Somewhere quiet. A euphemism for somewhere no one will find Marcus Lang’s body. I climb into the passenger seat, and the leather is soft and expensive under my legs. The car smells like leather and something else—aftershave, maybe, or gun oil. These scents belong to Yefrem’s real world, not the fake identity he’d worn in my house.
He backs out of the garage into the night, and I catch a glimpse of my house in the side mirror. It looks normal from the outside. The usual peaceful and suburban façade where I’ve been so happy. There’s no indication that a federal agent died in the kitchen an hour ago, that the woman who lives there just helped wrap his body in a rug, and I’m about to help bury that corpse.

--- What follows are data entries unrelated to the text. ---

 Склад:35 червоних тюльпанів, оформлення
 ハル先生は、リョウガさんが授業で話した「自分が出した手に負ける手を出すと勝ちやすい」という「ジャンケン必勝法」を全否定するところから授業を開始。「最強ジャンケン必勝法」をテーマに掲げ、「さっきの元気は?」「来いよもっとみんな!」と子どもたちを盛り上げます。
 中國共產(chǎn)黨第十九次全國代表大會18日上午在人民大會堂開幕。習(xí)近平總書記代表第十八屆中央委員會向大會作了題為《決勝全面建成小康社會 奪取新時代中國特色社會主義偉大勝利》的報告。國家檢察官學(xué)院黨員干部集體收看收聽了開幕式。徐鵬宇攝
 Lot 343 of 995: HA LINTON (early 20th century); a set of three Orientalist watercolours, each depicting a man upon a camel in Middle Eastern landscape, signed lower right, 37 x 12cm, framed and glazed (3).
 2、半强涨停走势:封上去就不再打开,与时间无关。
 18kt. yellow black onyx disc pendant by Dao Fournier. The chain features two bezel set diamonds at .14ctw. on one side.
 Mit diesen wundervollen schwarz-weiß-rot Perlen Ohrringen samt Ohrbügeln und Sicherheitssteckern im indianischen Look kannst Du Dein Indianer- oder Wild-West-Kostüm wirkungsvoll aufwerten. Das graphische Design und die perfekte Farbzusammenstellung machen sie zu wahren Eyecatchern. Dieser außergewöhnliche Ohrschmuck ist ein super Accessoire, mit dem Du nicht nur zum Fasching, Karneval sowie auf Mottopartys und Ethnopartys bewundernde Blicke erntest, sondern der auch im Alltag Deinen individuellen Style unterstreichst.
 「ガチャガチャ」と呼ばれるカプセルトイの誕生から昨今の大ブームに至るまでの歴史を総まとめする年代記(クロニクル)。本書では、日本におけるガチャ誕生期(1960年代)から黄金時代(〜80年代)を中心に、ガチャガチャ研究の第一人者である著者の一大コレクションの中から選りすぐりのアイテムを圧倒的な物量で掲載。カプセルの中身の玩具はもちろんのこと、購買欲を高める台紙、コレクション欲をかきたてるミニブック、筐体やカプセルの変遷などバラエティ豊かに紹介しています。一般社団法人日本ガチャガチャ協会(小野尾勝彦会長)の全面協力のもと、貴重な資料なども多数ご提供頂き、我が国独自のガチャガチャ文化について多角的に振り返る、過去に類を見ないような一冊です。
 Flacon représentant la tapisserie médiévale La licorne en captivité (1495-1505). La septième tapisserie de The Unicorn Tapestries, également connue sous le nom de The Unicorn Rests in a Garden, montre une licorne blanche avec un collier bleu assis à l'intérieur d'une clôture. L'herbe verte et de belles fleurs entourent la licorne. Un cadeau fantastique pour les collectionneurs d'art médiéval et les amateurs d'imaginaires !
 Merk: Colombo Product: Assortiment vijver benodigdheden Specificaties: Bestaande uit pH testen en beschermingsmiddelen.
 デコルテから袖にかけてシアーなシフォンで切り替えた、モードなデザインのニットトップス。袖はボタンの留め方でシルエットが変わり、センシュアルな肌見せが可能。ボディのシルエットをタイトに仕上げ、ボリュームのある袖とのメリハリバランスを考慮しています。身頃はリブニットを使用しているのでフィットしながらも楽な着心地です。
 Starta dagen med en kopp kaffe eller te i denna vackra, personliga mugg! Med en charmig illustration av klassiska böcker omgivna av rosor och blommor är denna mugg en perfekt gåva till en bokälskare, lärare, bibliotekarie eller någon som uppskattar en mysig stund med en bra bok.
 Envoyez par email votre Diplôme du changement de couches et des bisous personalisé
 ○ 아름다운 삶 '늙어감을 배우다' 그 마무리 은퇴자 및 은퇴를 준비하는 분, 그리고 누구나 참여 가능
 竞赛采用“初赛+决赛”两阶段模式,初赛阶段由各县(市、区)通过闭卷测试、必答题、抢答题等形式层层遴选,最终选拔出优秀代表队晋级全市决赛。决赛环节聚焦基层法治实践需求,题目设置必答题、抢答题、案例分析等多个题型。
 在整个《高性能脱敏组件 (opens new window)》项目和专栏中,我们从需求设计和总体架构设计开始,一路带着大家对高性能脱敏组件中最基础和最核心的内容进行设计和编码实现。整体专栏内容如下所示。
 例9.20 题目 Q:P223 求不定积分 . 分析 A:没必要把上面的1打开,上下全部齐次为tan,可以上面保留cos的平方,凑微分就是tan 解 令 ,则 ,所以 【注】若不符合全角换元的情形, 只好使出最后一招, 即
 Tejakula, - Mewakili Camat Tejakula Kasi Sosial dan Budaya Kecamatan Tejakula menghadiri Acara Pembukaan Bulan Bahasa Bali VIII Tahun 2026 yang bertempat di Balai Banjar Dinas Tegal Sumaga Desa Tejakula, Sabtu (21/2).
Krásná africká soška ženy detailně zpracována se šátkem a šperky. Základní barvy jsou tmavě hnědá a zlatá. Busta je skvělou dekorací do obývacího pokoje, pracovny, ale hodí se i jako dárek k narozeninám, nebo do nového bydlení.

My neighborhood is dark and silent, with no streetlights to illuminate what we’re driving past. The houses around us are full of people sleeping peacefully, unaware that a federal agent’s corpse just rolled by their windows in the trunk of a sedan. Mrs. Patterson, who bakes me cookies at Christmas, is still asleep, likely with Sariah tucked in safely beside her. The Hendersons, who always wave when they’re walking their dog, would neverguess I’d be involved in such an activity. My neighbors are normal people living normal lives, oblivious to the fact I’ve has crossed a line into territory they can’t imagine.
We drive in silence through streets I’ve traveled hundreds of times, but everything looks different now. It’s all foreign and threatening, like I’m seeing it through the eyes of someone who helps hide bodies and lies to federal agents. The familiar landmarks of my daily routine all seem to belong to someone else’s life now.
“Are you okay?”
The question surprises me. Am I okay? I’m sitting in a car with a corpse in the trunk, driving to bury evidence of a murder I helped cover up. I’m as far from okay as it’s possible to be. “I don’t know.”
His mouth curls into a grim smile for a second. “That’s honest.”
“Is honesty still an option? After this?”
Yefrem glances at me, and in the dim light from the dashboard I see something like sympathy in his expression. “It’s the only option, at least between us.”
“Between us.” I test the phrase, evaluating the way it implies some kind of partnership or a bond forged by shared criminality. “What are we now?”
“Survivors.”
We’re Survivors. People who do what they have to do to make it through the night and wake up free the next morning. It’s reasonable but feels incomplete. “How much further?”
“Ten minutes.”
Ten minutes to the place where we’ll bury Marcus Lang. Ten minutes to complete my transformation from innocent civilian to criminal accomplice, to seal my fate alongside Yefrem’s.
The road narrows as we leave the residential area behind, winding through patches of forest that seem to swallow the headlight beams. I’ve driven this way before during the day—it leads to some hiking trails and a small lake—but at night, it feels ominous and endless. “How do you know where to go?”
“Le…my associate identified a location for me.”